In this text, Stanley analyzes the language from a very different perspective compared to his other excellent book: The reader is supposed to possess a good working knowledge of C++ and have some real practical experience in his/her curriculum before approaching the first page. From this level s/he is taken to real mastery of the semantics of the complexities of the language, which reserves a lot of surprises and hidden dangers to even the most skilled engineers. Almost all of the fundamental building blocks are dissected, put in a historical perspective, and explained with precision in a surprisingly easy-to-follow way.
I am convinced that much of the clarity evident even in the most intrinsically complicated passages is due to the author's choice of giving very little for granted prior to starting a thorough discussion around a tough point. This manual will surely be of little help to a neophyte, but just as surely one needs not belong to a panel of experts to benefit from its observations, because the level of complexity never gets too deep without having spent some pages of prior accessible contextual information to get everyone up to speed.
Inside the C++ Object Model is aimed at those developers who routinely use C++ but feel the discomfort of not really knowing the underlying weight of many common operations they perform or constructs they peruse. A particularly fit subset of these programmers is made up of the hardcore plumbers who pay their bills writing C++-based programming tools and libraries, or those who assume the uneasy role of the "official code optimizer" in a medium-to-large development team. Each of these programmers are going to immensely appreciate the intensive coverage of the object-oriented features offered by the language, their run-time overhead (in terms of execution time and binary size), and their influence in compilation times. This knowledge constitutes a major aid when it comes time to decide whether a certain language feature fits your needs without breaking your requirements. Moreover, along the way the text is sprinkled with interesting anecdotes explaining why certain common myths regarding C++ are nothing more than unfounded rants.

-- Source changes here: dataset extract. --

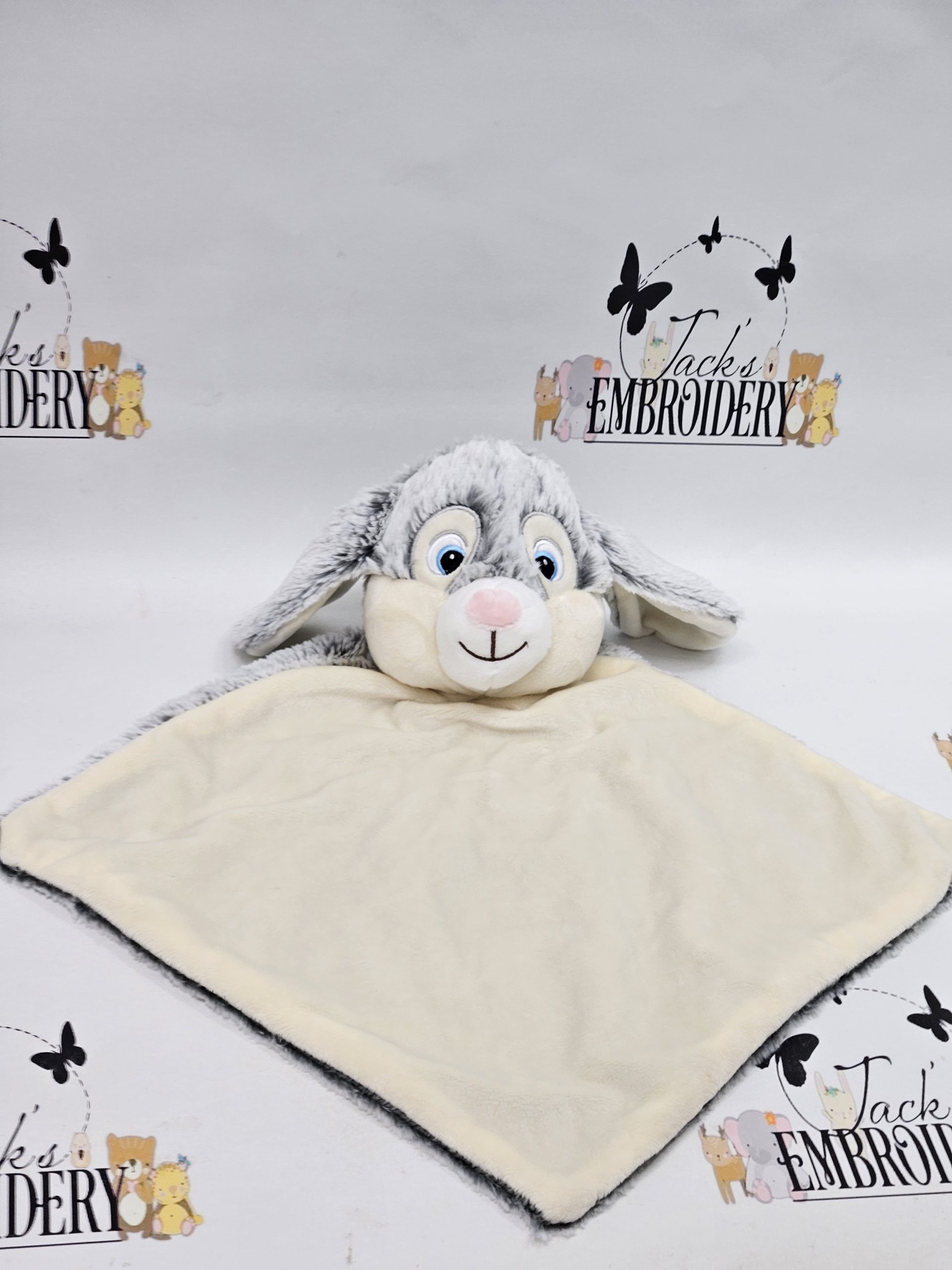 Personalised with design and name or Birth details , the Taggie Blankets are super soft and are approx. 14″ they are minky one side and satin the other , design will be stitched on the minky side , available in Pink , Blue or white

The topics and comparisons filling up the chapters are always concrete and never exceedingly academic. For example, the old C-style data manipulation is compared side-by-side with the modern encapsulation methodologies promoted by OOP, which involves inline accessors and mutators. Another chapter deals with the tricky semantics of construction and destruction, dedicating a fair amount of room to the exact circumstances that trigger the execution of constructors, destructors, copy constructors, and conversion operators. This leads to the treatment of the delicate topic of the automatic creation of temporary variables by the compiler.
Moving on, of particular interest to me are the sections focusing on the cost of virtual functions (to achieve polymorphism) compared to static-bound methods, as well as the section discussing various facets of multiple inheritance.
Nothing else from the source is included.